Problem details – Your answer should be the lines below from the one holding "Tomus Tertius (1703)" through the one holding "로마 제국의 정점은 이", copied exactly and with nothing else.

Dataset content –
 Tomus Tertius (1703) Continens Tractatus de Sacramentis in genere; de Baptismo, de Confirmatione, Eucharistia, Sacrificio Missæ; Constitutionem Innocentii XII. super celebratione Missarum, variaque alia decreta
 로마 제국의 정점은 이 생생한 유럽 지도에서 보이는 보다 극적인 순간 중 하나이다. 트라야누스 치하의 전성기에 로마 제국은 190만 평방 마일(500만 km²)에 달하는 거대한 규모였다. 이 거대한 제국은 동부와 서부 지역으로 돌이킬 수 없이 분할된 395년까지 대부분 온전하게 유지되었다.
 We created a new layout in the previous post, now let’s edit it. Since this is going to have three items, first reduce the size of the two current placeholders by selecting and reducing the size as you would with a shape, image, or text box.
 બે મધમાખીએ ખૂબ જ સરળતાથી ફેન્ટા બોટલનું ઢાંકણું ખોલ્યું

...

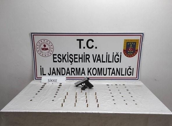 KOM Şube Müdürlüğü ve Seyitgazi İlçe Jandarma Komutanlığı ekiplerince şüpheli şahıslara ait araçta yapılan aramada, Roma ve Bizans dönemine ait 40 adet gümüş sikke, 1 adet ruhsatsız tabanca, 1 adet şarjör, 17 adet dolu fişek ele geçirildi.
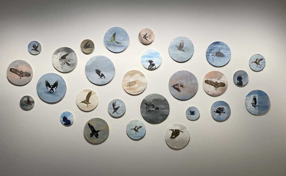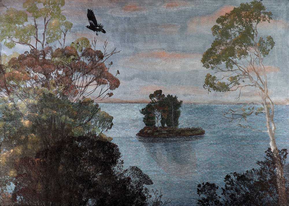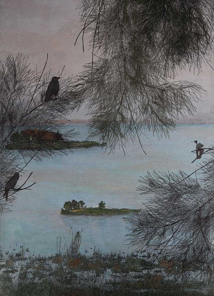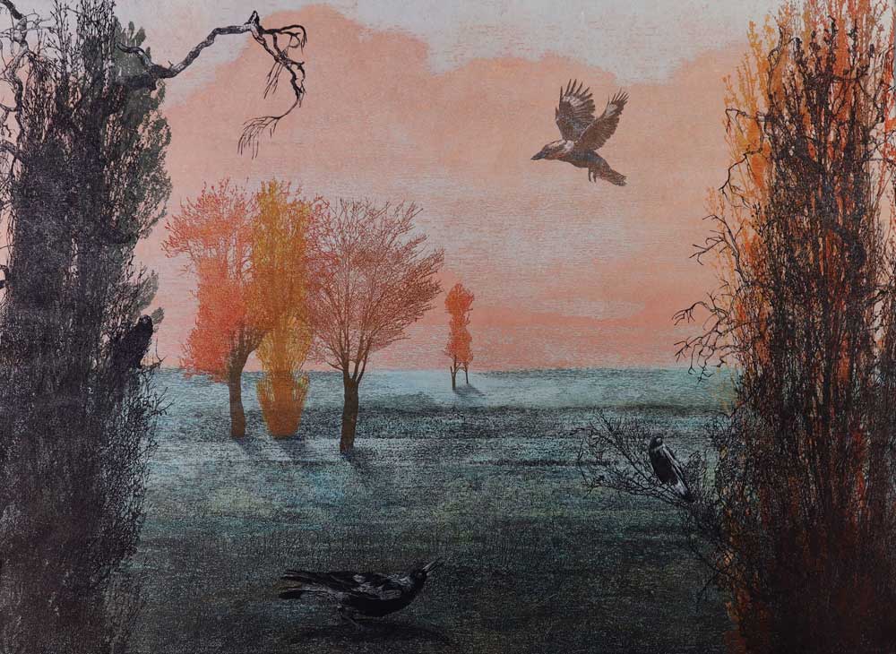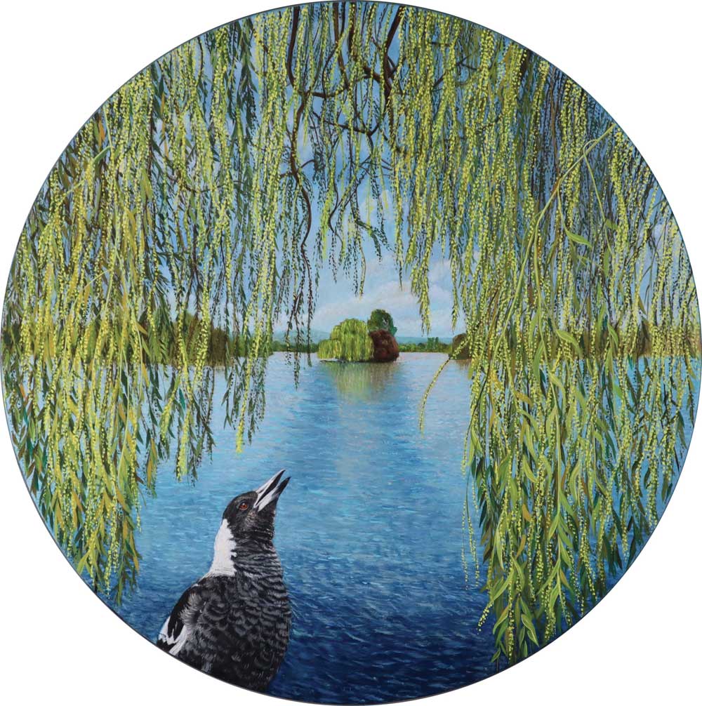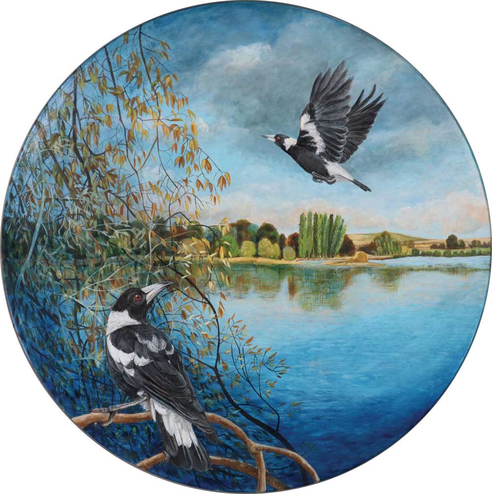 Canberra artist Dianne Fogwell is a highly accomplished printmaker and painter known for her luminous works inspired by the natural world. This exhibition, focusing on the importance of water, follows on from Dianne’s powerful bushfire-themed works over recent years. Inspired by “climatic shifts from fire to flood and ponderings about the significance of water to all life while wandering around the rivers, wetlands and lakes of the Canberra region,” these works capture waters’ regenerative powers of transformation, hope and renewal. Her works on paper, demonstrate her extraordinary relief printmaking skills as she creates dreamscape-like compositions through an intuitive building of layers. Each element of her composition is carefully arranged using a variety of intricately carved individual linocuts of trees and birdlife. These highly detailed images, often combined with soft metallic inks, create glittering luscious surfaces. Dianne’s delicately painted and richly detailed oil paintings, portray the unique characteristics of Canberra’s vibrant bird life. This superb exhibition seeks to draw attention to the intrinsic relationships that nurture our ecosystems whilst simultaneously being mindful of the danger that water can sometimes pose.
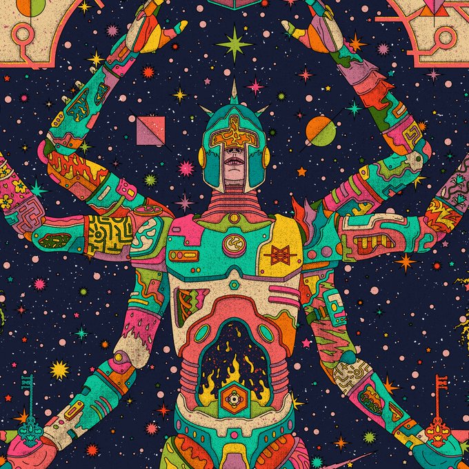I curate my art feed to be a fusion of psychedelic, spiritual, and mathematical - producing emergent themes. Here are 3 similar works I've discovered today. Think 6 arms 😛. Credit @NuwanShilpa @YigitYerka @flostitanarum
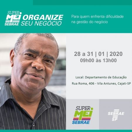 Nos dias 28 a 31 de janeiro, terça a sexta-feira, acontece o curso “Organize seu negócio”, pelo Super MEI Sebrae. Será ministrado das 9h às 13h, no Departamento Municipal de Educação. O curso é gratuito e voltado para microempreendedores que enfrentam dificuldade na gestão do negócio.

Response to the exercise –
 Tomus Tertius (1703) Continens Tractatus de Sacramentis in genere; de Baptismo, de Confirmatione, Eucharistia, Sacrificio Missæ; Constitutionem Innocentii XII. super celebratione Missarum, variaque alia decreta
 로마 제국의 정점은 이 생생한 유럽 지도에서 보이는 보다 극적인 순간 중 하나이다. 트라야누스 치하의 전성기에 로마 제국은 190만 평방 마일(500만 km²)에 달하는 거대한 규모였다. 이 거대한 제국은 동부와 서부 지역으로 돌이킬 수 없이 분할된 395년까지 대부분 온전하게 유지되었다.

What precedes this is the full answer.